Exercise:
Please restate the records that follow exactly, skipping their images.

Segment Start: Input records

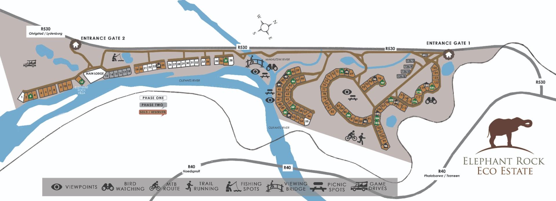 This Estate supports green and eco friendly building structures, has a variety of plains game and birds, picnic spots with boardwalks along the Olifants River, cycling and running trials, catch and release fishing, all set in African bush with Appelblaar and Sycomore trees.
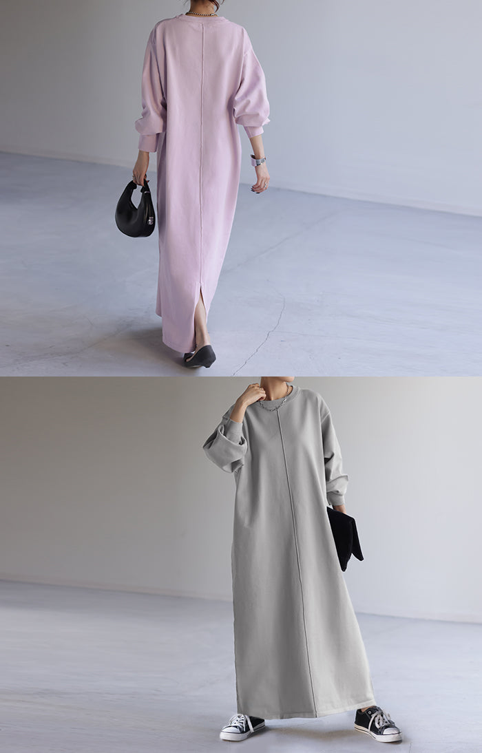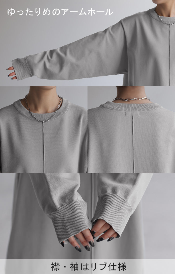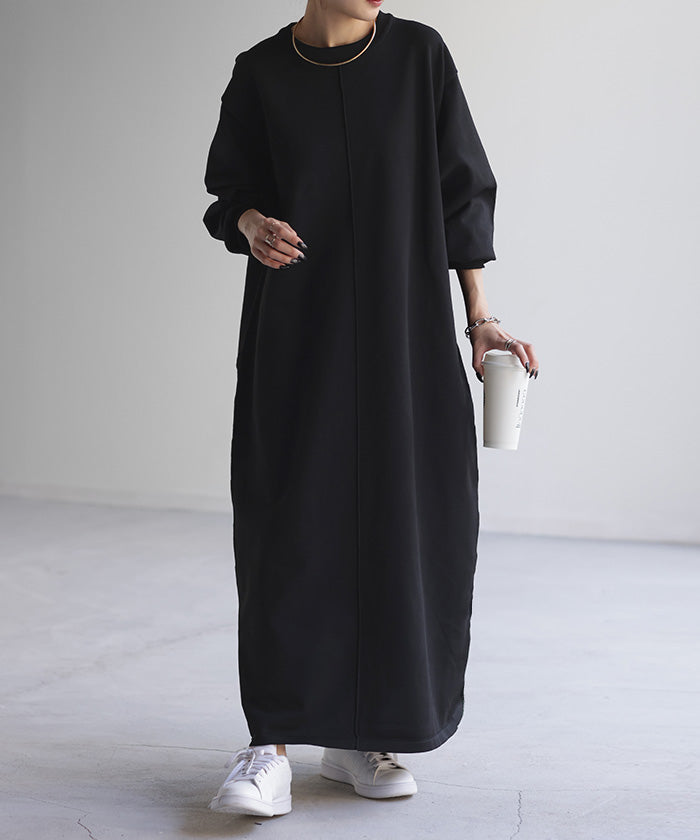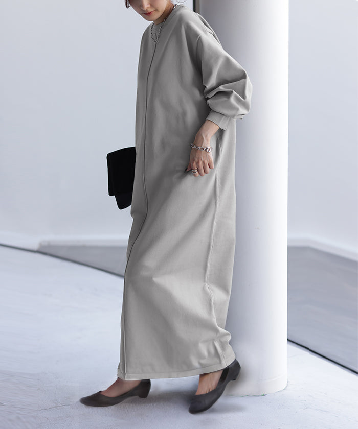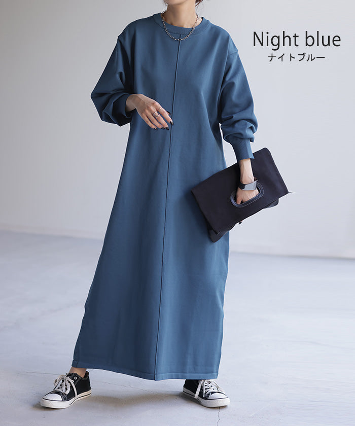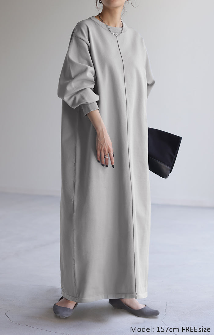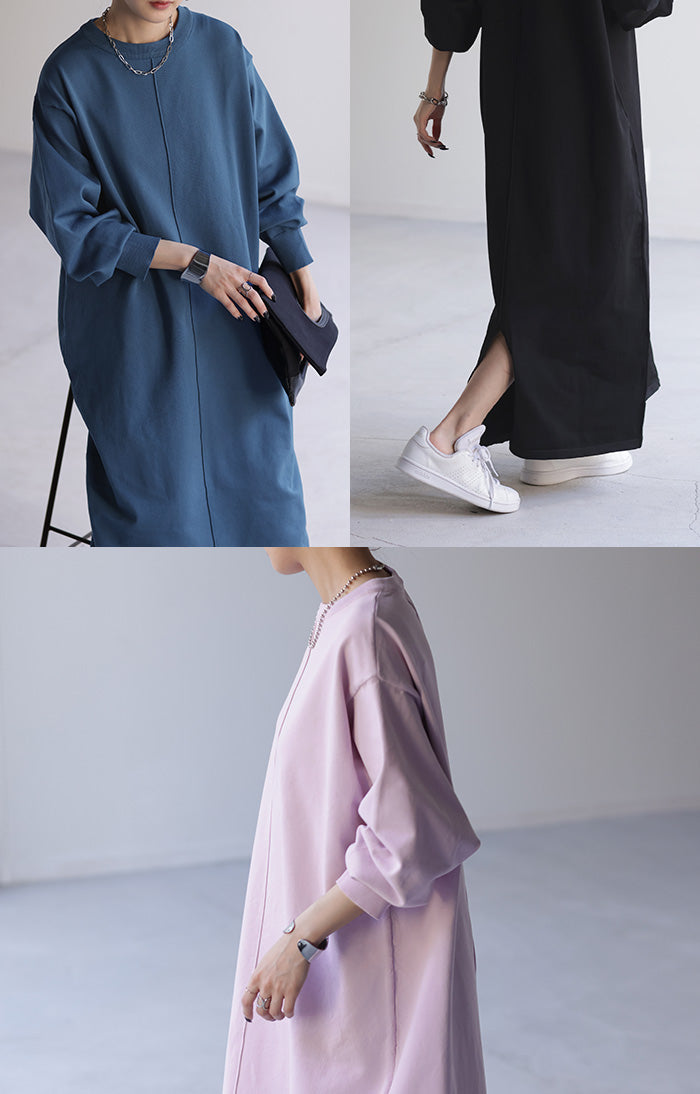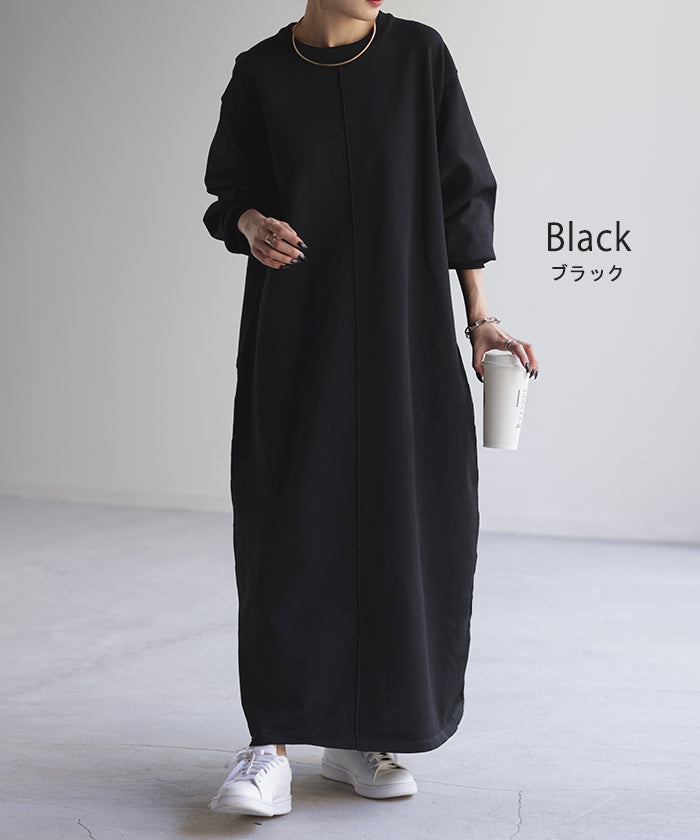 ワンピ スポンジ ニット 体型カバー ワンピース ニットワンピ ニットワンピース ロングワンピース レディース ロング ロングワンピ 無地 お洒落 マキシ 軽い 長袖 丸首 ライトニット 春ニット Aライン ゆる 長め スリット 大きいサイズ 春 夏 HUG.U
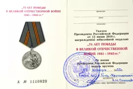 18 января 2020 года в городе Санк-Петербурге состоялось первое вручение Президентом Российской Федерации В.В.Путиным юбилейной медали «75 лет Победы в Великой Отечественной войне 1941 - 1945 гг.» участникам Великой Отечественной войны.
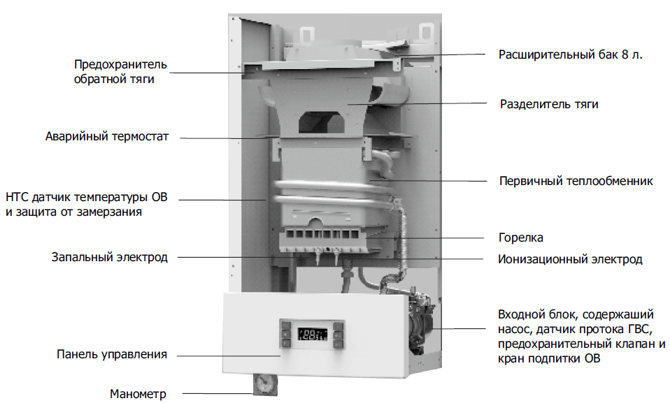 Чтобы понять, что это такое двухконтурный газовый котел, следует в подробностях разобрать строение его основных составных частей.
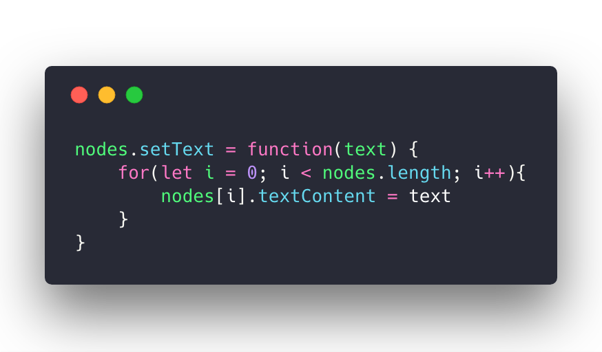 $div.setText('hi') // 可将所有 div 的 textContent 变为 hi

Segment End: Input records

Solution to the exercise:
 This Estate supports green and eco friendly building structures, has a variety of plains game and birds, picnic spots with boardwalks along the Olifants River, cycling and running trials, catch and release fishing, all set in African bush with Appelblaar and Sycomore trees.
 ワンピ スポンジ ニット 体型カバー ワンピース ニットワンピ ニットワンピース ロングワンピース レディース ロング ロングワンピ 無地 お洒落 マキシ 軽い 長袖 丸首 ライトニット 春ニット Aライン ゆる 長め スリット 大きいサイズ 春 夏 HUG.U
 18 января 2020 года в городе Санк-Петербурге состоялось первое вручение Президентом Российской Федерации В.В.Путиным юбилейной медали «75 лет Победы в Великой Отечественной войне 1941 - 1945 гг.» участникам Великой Отечественной войны.
 Чтобы понять, что это такое двухконтурный газовый котел, следует в подробностях разобрать строение его основных составных частей.
 $div.setText('hi') // 可将所有 div 的 textContent 变为 hi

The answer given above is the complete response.